◆ **Available data**:
* * * * *
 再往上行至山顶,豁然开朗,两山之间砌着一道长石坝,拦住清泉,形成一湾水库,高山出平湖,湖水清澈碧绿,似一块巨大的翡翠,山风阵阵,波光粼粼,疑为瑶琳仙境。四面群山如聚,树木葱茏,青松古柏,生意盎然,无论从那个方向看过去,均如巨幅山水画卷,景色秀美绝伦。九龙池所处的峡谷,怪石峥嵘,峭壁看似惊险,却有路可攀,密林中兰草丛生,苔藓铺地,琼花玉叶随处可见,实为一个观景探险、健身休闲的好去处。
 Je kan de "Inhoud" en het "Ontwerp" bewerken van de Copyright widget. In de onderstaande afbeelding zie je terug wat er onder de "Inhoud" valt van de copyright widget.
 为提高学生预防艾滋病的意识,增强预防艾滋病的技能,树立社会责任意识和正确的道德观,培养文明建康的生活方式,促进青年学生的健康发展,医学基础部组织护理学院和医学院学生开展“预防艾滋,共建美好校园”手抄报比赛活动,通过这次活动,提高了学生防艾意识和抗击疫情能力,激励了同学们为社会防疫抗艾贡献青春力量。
* * * * *
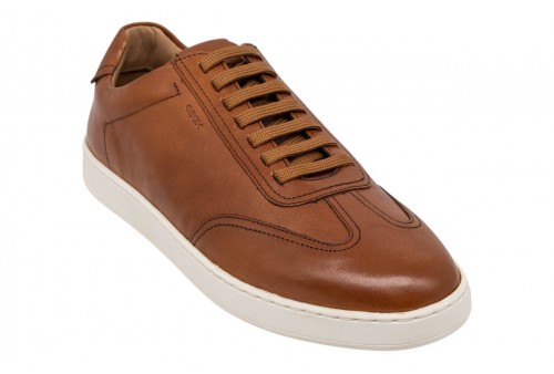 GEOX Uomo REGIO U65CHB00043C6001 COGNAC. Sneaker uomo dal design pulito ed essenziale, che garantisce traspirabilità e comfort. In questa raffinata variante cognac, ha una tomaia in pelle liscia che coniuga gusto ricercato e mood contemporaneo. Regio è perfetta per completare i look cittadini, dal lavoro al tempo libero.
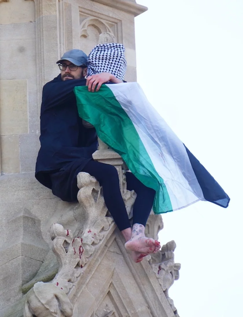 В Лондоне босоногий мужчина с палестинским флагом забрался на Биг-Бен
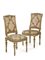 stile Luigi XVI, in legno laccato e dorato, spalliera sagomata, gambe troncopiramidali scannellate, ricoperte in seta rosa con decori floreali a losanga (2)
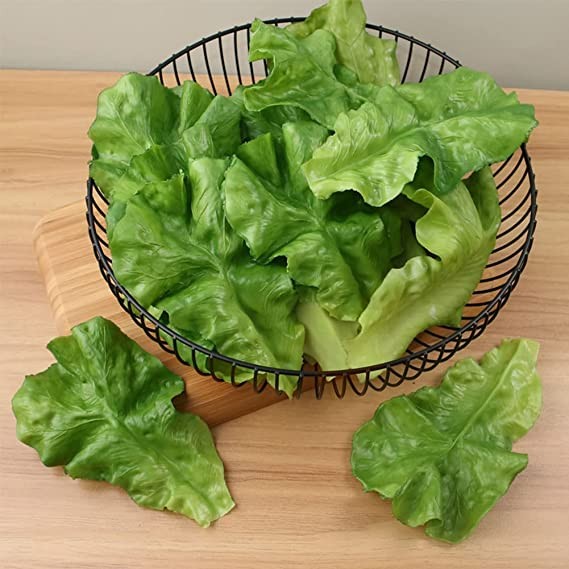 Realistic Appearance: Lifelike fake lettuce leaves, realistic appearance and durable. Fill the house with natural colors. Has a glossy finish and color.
* * * * *
◆ **Goal of the exercise**: Your answer should be the exact lines above from the one with "valt van de copyright widget." through the one with "为提高学生预防艾滋病的意识,增强预防艾滋", both included, and nothing besides.

◆ **Finished exercise**:
 Je kan de "Inhoud" en het "Ontwerp" bewerken van de Copyright widget. In de onderstaande afbeelding zie je terug wat er onder de "Inhoud" valt van de copyright widget.
 为提高学生预防艾滋病的意识,增强预防艾滋病的技能,树立社会责任意识和正确的道德观,培养文明建康的生活方式,促进青年学生的健康发展,医学基础部组织护理学院和医学院学生开展“预防艾滋,共建美好校园”手抄报比赛活动,通过这次活动,提高了学生防艾意识和抗击疫情能力,激励了同学们为社会防疫抗艾贡献青春力量。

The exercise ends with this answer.